Our perspective on microbial diversity has improved enormously over the past few decades. In large part this has been due to molecular phylogenetic studies that objectively relate organisms. Phylogenetic trees based on gene sequences are maps with which to articulate the elusive concept of biodiversity. Thus, comparative analyses of small-subunit rRNA (16S or 18S rRNA) and other gene sequences show that life falls into three primary domains,
Bacteria,
Eucarya, and
Archaea (
51,
52). Based on rRNA trees, the main extent of Earth’s biodiversity is microbial. Our knowledge of the extent and character of microbial diversity has been limited, however, by reliance on the study of cultivated microorganisms. It is estimated that >99% of microorganisms observable in nature typically are not cultivated by using standard techniques (
1).
Recombinant DNA and molecular phylogenetic methods have recently provided means for identifying the types of organisms that occur in microbial communities without the need for cultivation (see references
1,
20, and
35 for reviews). Results from application of these methods to a number of diverse environments confirm that our view of microbial diversity was limited and point to a wealth of novel and environmentally important diversity yet to be studied (
34). It is the aim of this review to collate, compare, and incorporate the results of the environmental sequence-based studies into the context of known bacterial diversity. We discuss the sequence data at the taxonomic level of the phylogenetic division because divisions constitute first-order clades for describing the breadth of bacterial diversity. Although we have yet to determine even the outlines of the bacterial tree, common threads are beginning to emerge that revise our current views of bacterial diversity and distribution in the environment.

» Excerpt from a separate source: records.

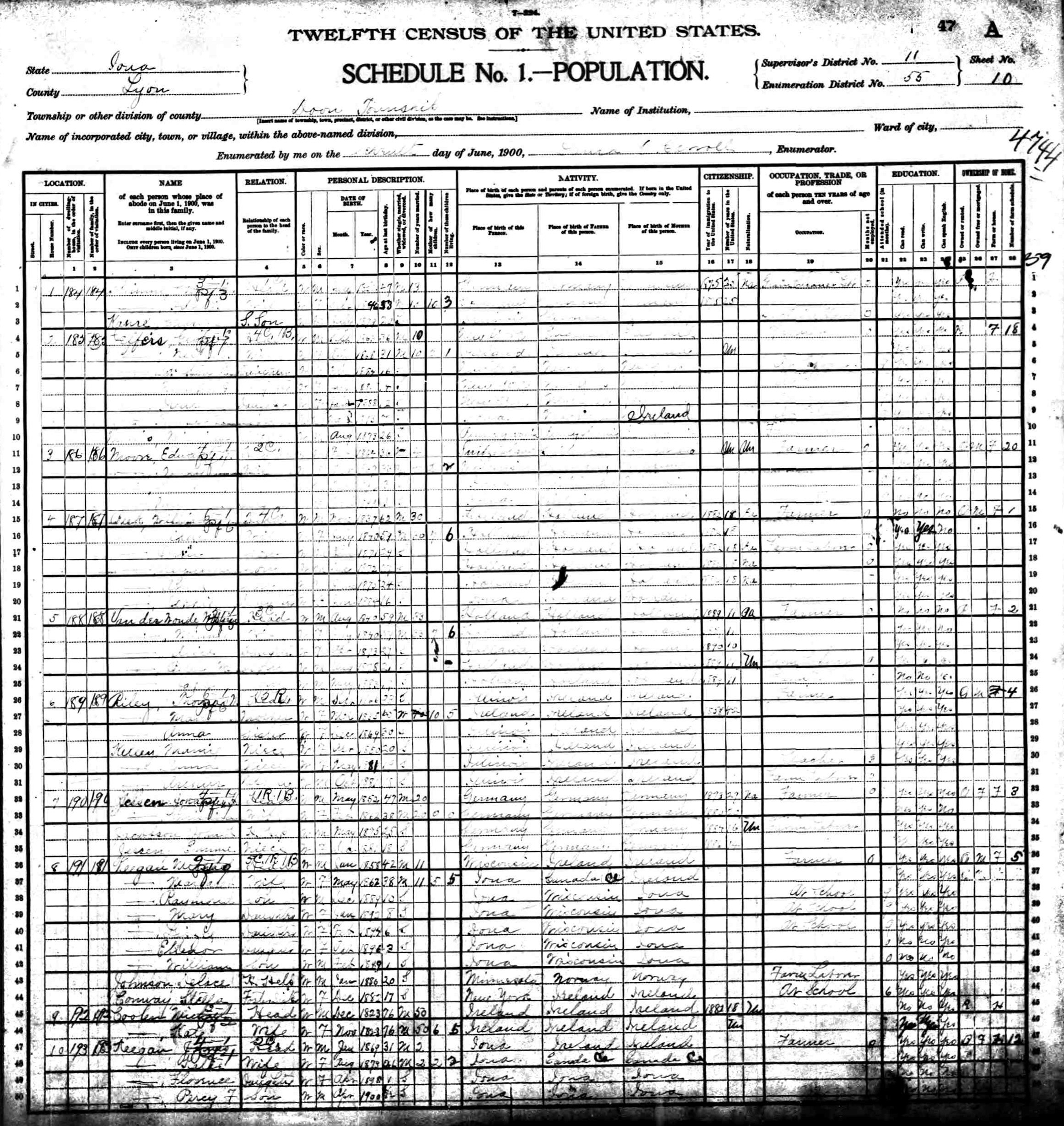 Year: 1900; Census Place: Doon, Lyon, Iowa; Roll: T623 445; Page: 10A; Enumeration District: 55
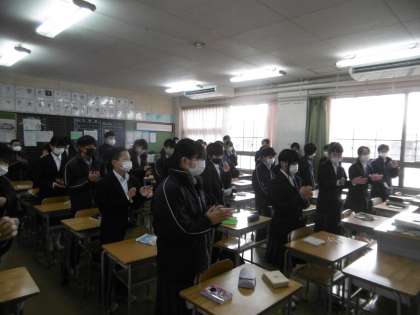 写真は1年2組です。朝の読書のあと、全員が姿勢を整え、大きな声であいさつをしていました。担任の先生ができていたことを褒めると自然に拍手が起こっていました。朝のうれしい一コマでした。
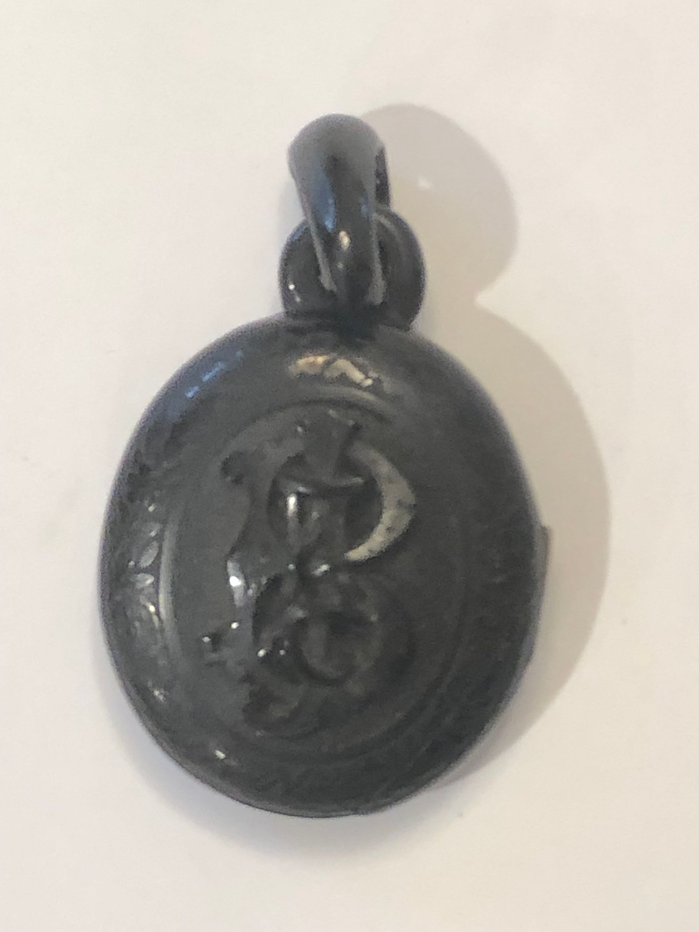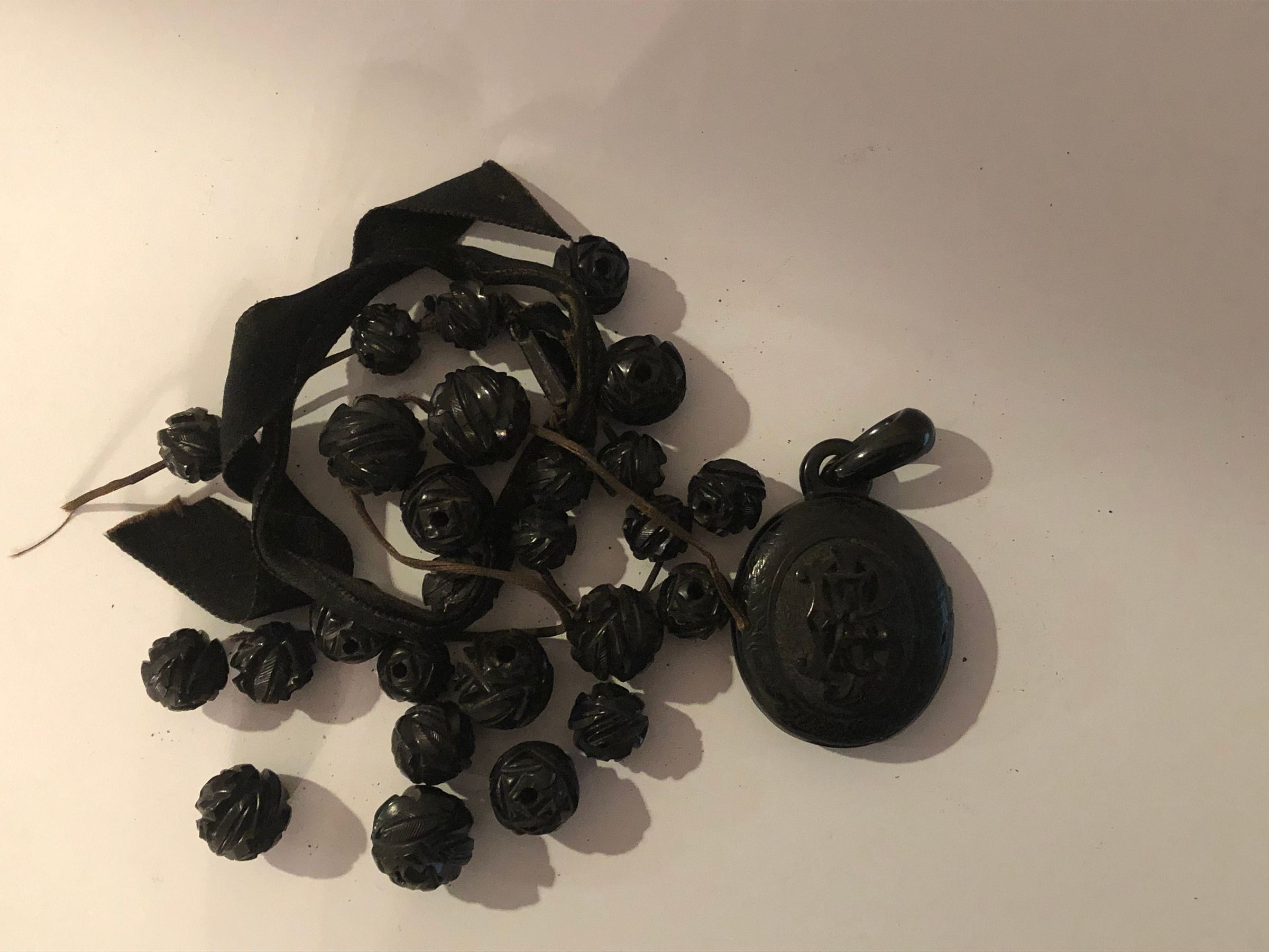 Jet mourning necklace with locket belonging to Sarah Caparn Bishop. The necklace contains a photograph of her husband John Foster Bishop, who died on October 14, 1874. Sarah Horner Caparn (1832-c.1899) was the older sister of landscape architect Thomas John Caparn. The exterior of the locket features John Foster Bishops monogram carved in high relief. The jet mourning necklace is broken.Acquisition
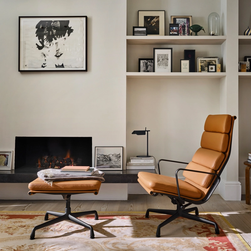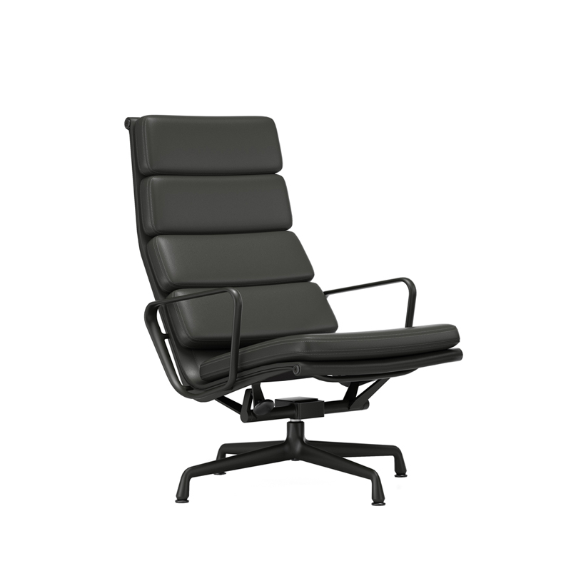 Designed in 1969 by Charles & Ray Eames, the Soft Pad armchairs are similar to the Aluminium Group chairs in terms of structure and shape, but are distinguished by their softer silhouette and more luxurious comfort. Featuring a high backrest and low seat, the Soft Pad Chair EA 222 Vitra offers extraordinary comfort, thanks in particular to its reclining mechanism that adapts to the user's weight. The matching EA 223 stool is the perfect complement to the armchair. The range of bases and choice of fabric or leather upholstery available in numerous colours make the Soft Pad Chair an ideal solution for any interior.
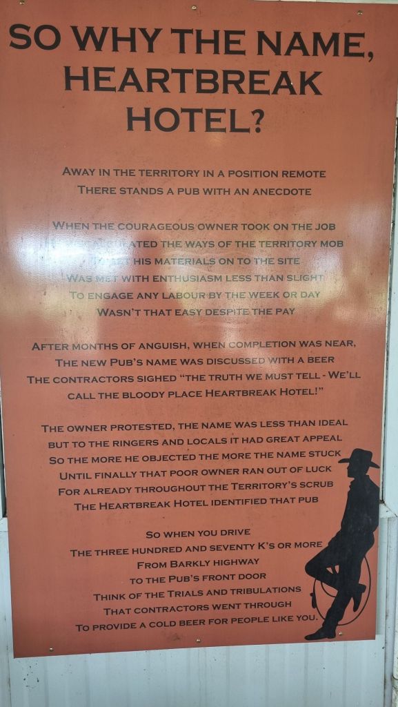 We left Daly Waters, having been really impressed by their facilities, great showers, shady sites, and free beer or wine… I ask you… who doesn’t like a free drink?
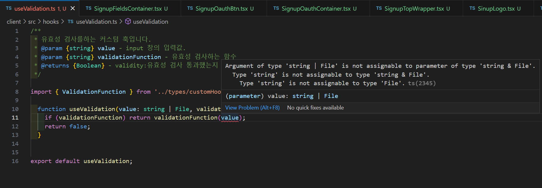 여기만 보면 validation 관련해서는 티가 안나는데 그 부분은 useValidation에서 설명하도록 하겠다. useValidation이 지금 코드상태에서 필요한 커스텀 훅인지는 아직 의문이 남아있기는하다.
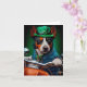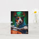 Un amigo peludo detrás del manillar de una bicicleta verde brillante, vestido con un traje verde de San Patricio que llama la atención. El perro está vestido con un conjunto festivo, completo con una corbata de lazo verde y un sombrero a juego que se sienta cómodamente sobre su cabeza. El traje presenta diseños intrincados de tréboles y duendes, lo que deja claro que este perro está listo para celebrar el día de San Patricio con estilo.
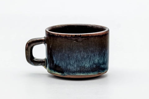 This ushirode yunomi (rear-handled teacup) features a deep blue hare's fur drip-glaze.Dimensions:10.5cm (4.1in) - width5.7cm (2.2in) - height140ml - capacityCondition: Very goodThis vintage Japanese item ships from Thailand

PHYLOGENETIC DIVERSITY IN THE BACTERIAL DOMAIN
In 1987, Woese described the bacterial domain as comprised of about 12 natural relatedness groups, based mainly on analyses of familiar cultivated organisms such as cyanobacteria, spirochetes, and gram-positive bacteria (all of which, based on rRNA sequence divergence, display greater evolutionary depth than plants, animals, and fungi) (
51). These relatedness groups have variously been called “kingdoms,” “phyla,” and “divisions”; we use the latter term. For the purposes of this review we define a bacterial division purely on phylogenetic grounds as a lineage consisting of two or more 16S rRNA sequences that are reproducibly monophyletic and unaffiliated with all other division-level relatedness groups that constitute the bacterial domain. We judge reproducibility by the use of multiple tree-building algorithms, bootstrap analysis, and varying the composition and size of data sets used for phylogenetic analyses. The typical interdivisional rRNA sequence difference is 20 to 25%. For comparison, the 16S rRNAs of
Escherichia coli and
Pseudomonas aeruginosa, both representatives of the γ group of
Proteobacteria, differ overall by about 15%; the 16S rRNAs of
E. coli and
Bacillus subtilis (“low-G+C gram-positive bacterial” division) differ by about 23%.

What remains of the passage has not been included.